** Collected material follows **

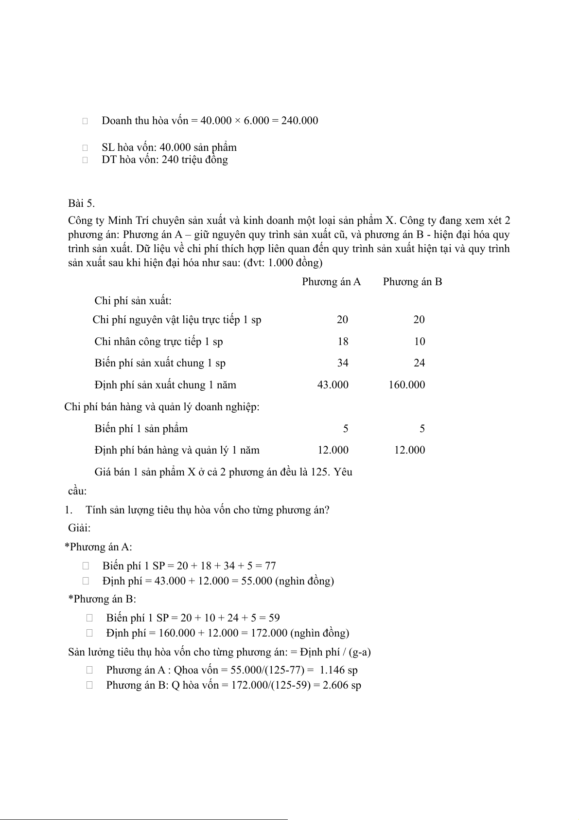 Phương án A : Qhoa vốn = 55.000/(125-77) = 1.146 sp
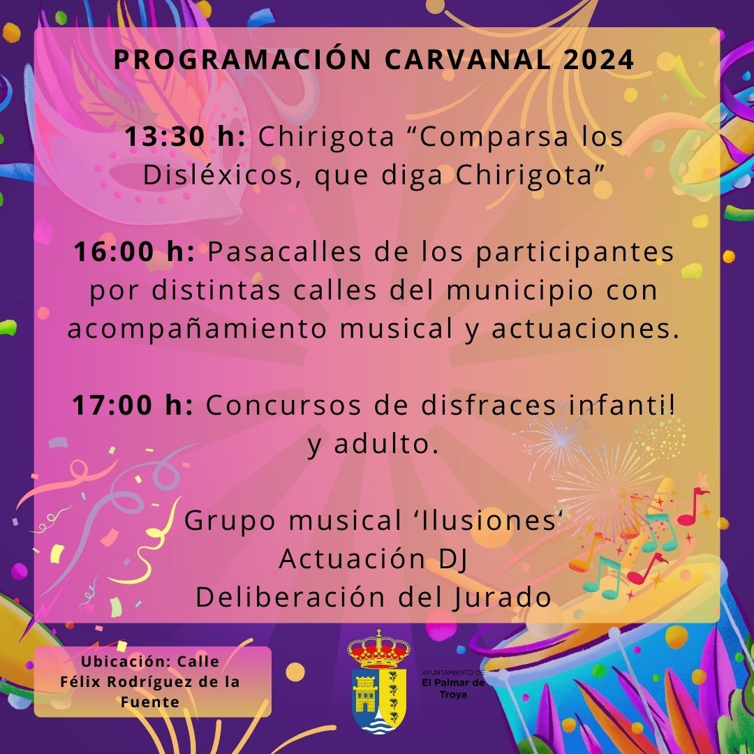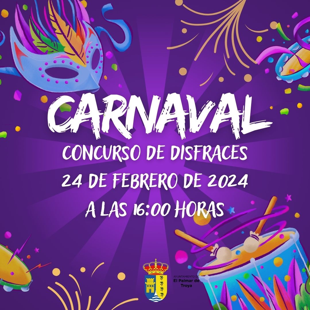 El Ayuntamiento de El Palmar de Troya, a través de la Delegación de Festejos y de Cultura, ha puesto en marcha el concurso de disfraces con motivo de la celebración del próximo carnaval, que tendrá lugar el día 24 de febrero de 2024 a las 16:00 horas en la calle Félix Rodríguez de la Fuente.
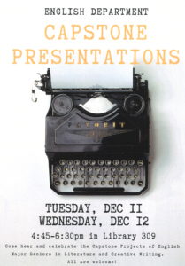 It is a truth universally acknowledged that a senior English major completing their capstone must deliver constant heaving sighs. The capstone is designed to be a culmination of each student’s academic career, and generally takes the form of a semester-long independent project with consistent workshopping and advice from classmates and a professor. This semester, the department was lucky to have Professor Marlon James and Professor Wang Ping offering creative writing capstone opportunities, and Professor James Dawes instructing the literature capstone class. Read on to learn more about capstones…
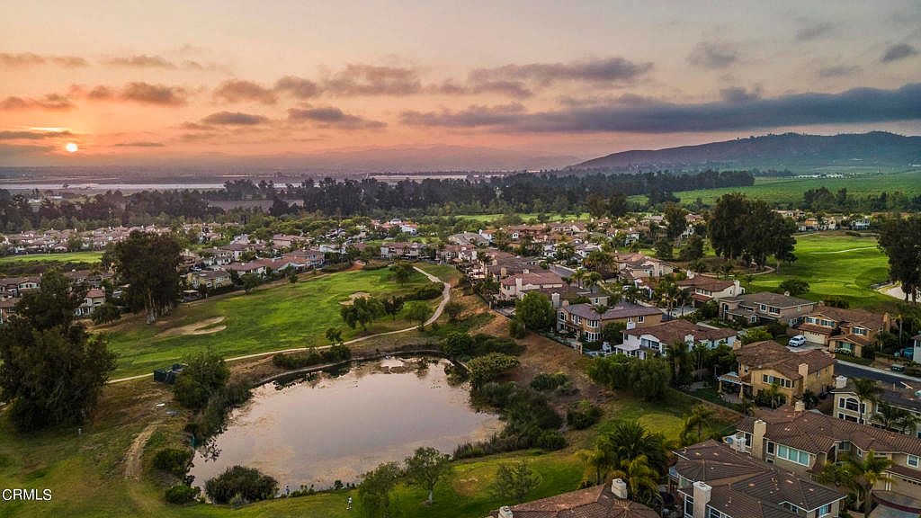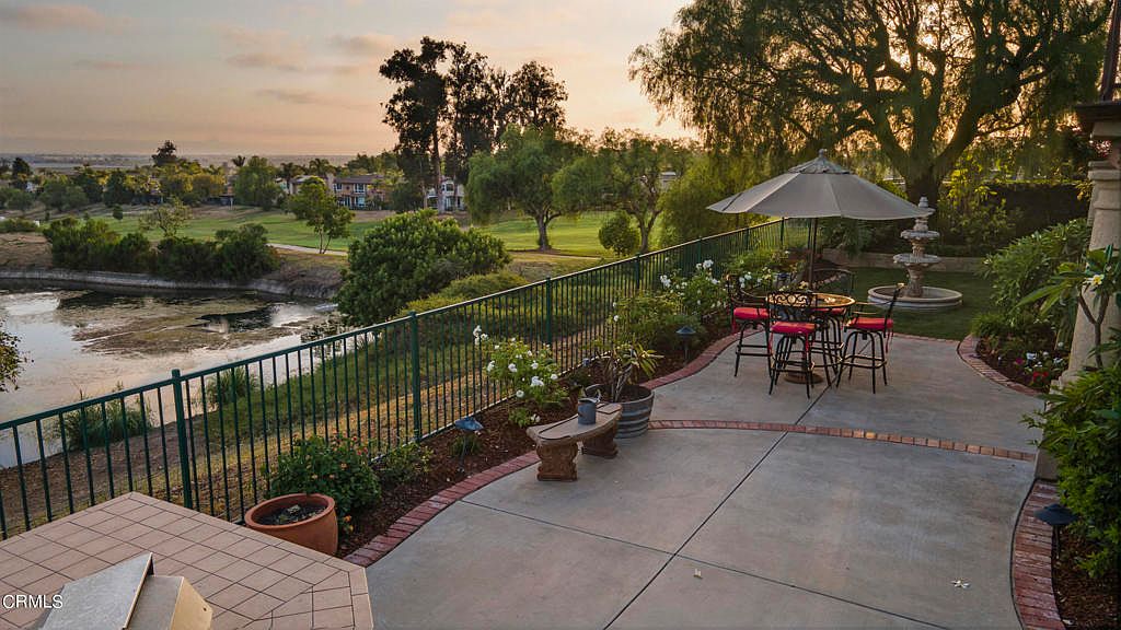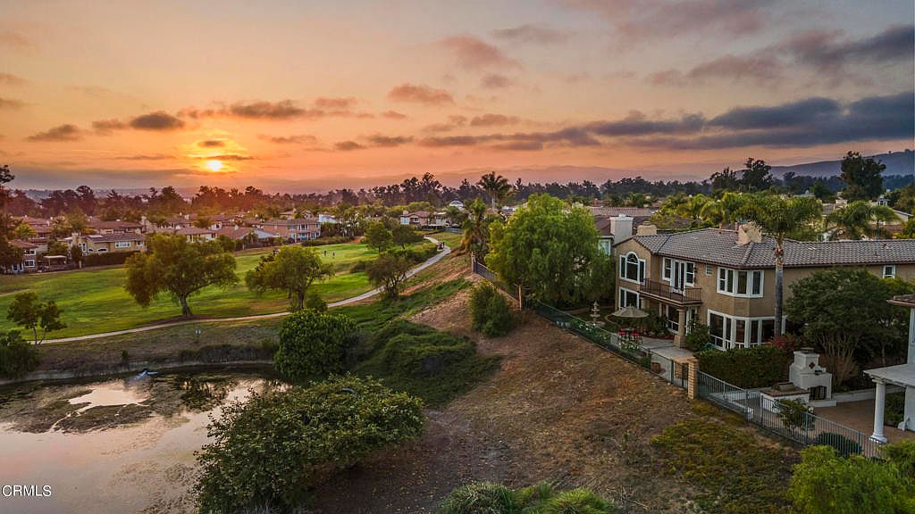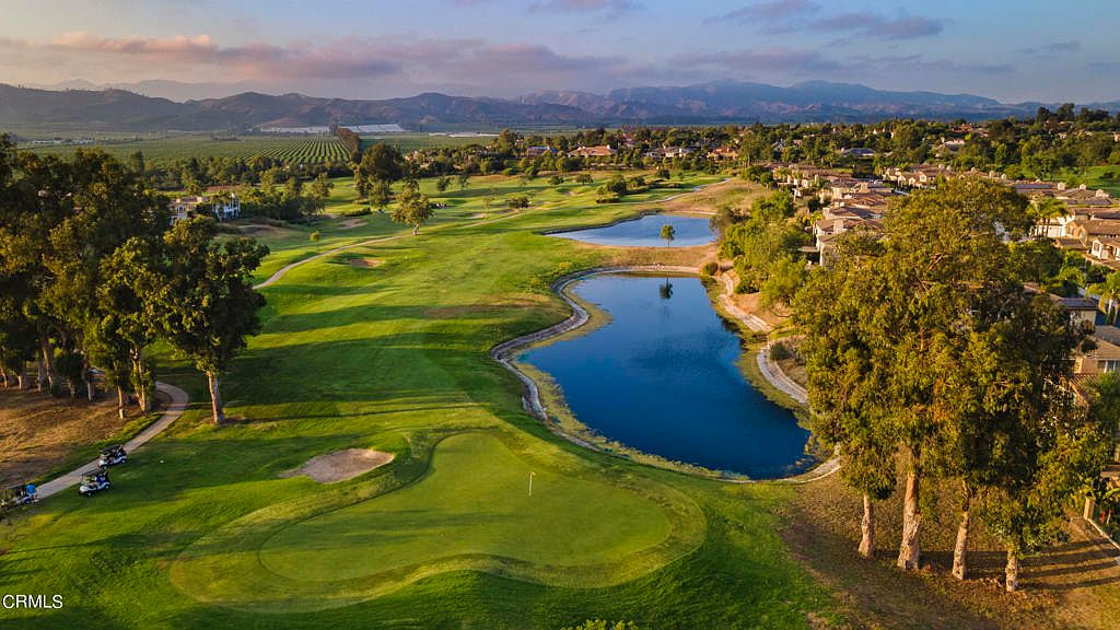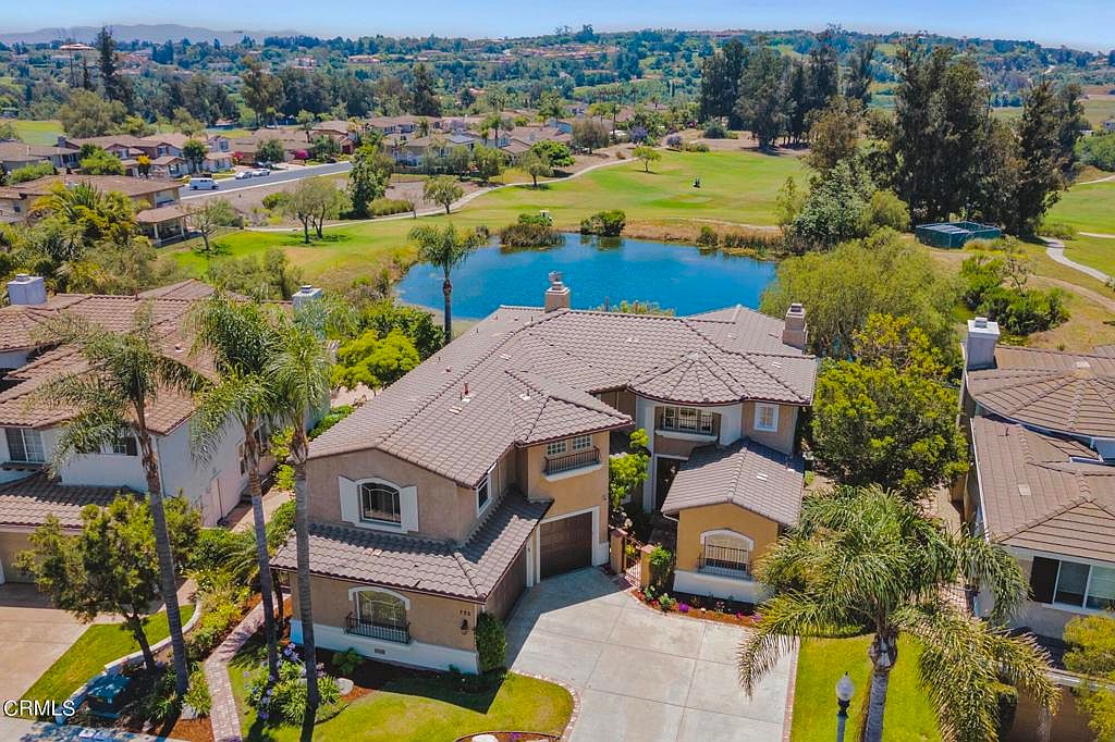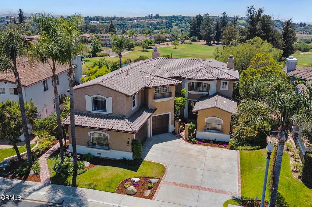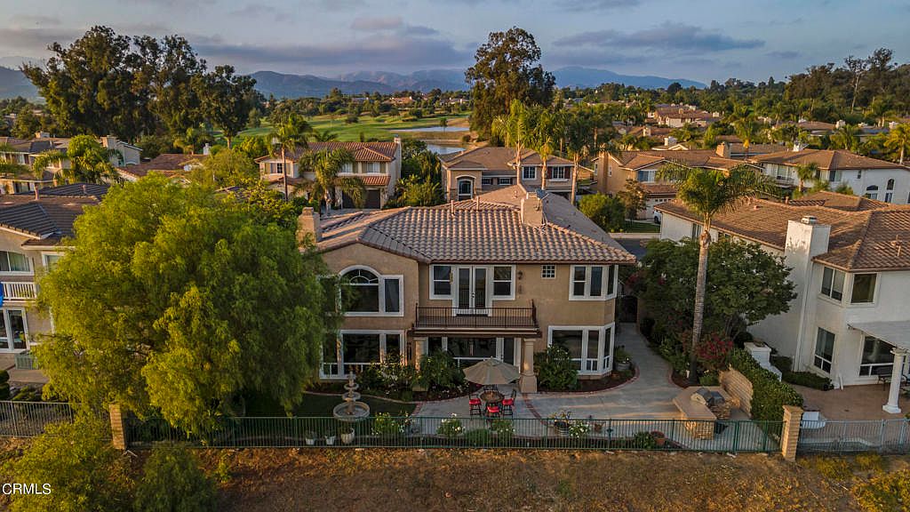 Elegant Masters Plan 2 home in the highly desirable, gated, golf course community of Sterling Hills with beautiful elevated views of the 17th and 18th fairways, Spanish Hills, the city lights of Oxnard, and the Channel Islands. Soaring ceilings and oversized windows gives an abundance of light. Desirable downstairs bedroom/optional office with full bathroom and courtyard access. Spacious master bedroom with huge walk-in closet with organizers,his & her sinks, jacuzzi tub, and balcony off the bedroom. Every bedroom has its own full bathroom. the 5th bedroom at the end of the hall is almost like another master bedroom. The home features many upgrades including granite counters & kitchen island, wood, travertine and tile flooring, upgraded fixtures, custom paint, crown moldings, built-in entertainment center that is wired for surround sound, alarm system, and more. There is a huge 3-car garage with a Life Souce soft water system & built-in cabinets. Located in one of the top 8 locations with amazing southwesterly views of the golf course and all the way out to the ocean. This home is VERY clean and has so many wonderful features. Your clients will love this home.

** End of Collected material **

Task item -
Set the listing above down again exactly, leaving pictures out.

Task output -
 Phương án A : Qhoa vốn = 55.000/(125-77) = 1.146 sp
 El Ayuntamiento de El Palmar de Troya, a través de la Delegación de Festejos y de Cultura, ha puesto en marcha el concurso de disfraces con motivo de la celebración del próximo carnaval, que tendrá lugar el día 24 de febrero de 2024 a las 16:00 horas en la calle Félix Rodríguez de la Fuente.
 It is a truth universally acknowledged that a senior English major completing their capstone must deliver constant heaving sighs. The capstone is designed to be a culmination of each student’s academic career, and generally takes the form of a semester-long independent project with consistent workshopping and advice from classmates and a professor. This semester, the department was lucky to have Professor Marlon James and Professor Wang Ping offering creative writing capstone opportunities, and Professor James Dawes instructing the literature capstone class. Read on to learn more about capstones…
 Elegant Masters Plan 2 home in the highly desirable, gated, golf course community of Sterling Hills with beautiful elevated views of the 17th and 18th fairways, Spanish Hills, the city lights of Oxnard, and the Channel Islands. Soaring ceilings and oversized windows gives an abundance of light. Desirable downstairs bedroom/optional office with full bathroom and courtyard access. Spacious master bedroom with huge walk-in closet with organizers,his & her sinks, jacuzzi tub, and balcony off the bedroom. Every bedroom has its own full bathroom. the 5th bedroom at the end of the hall is almost like another master bedroom. The home features many upgrades including granite counters & kitchen island, wood, travertine and tile flooring, upgraded fixtures, custom paint, crown moldings, built-in entertainment center that is wired for surround sound, alarm system, and more. There is a huge 3-car garage with a Life Souce soft water system & built-in cabinets. Located in one of the top 8 locations with amazing southwesterly views of the golf course and all the way out to the ocean. This home is VERY clean and has so many wonderful features. Your clients will love this home.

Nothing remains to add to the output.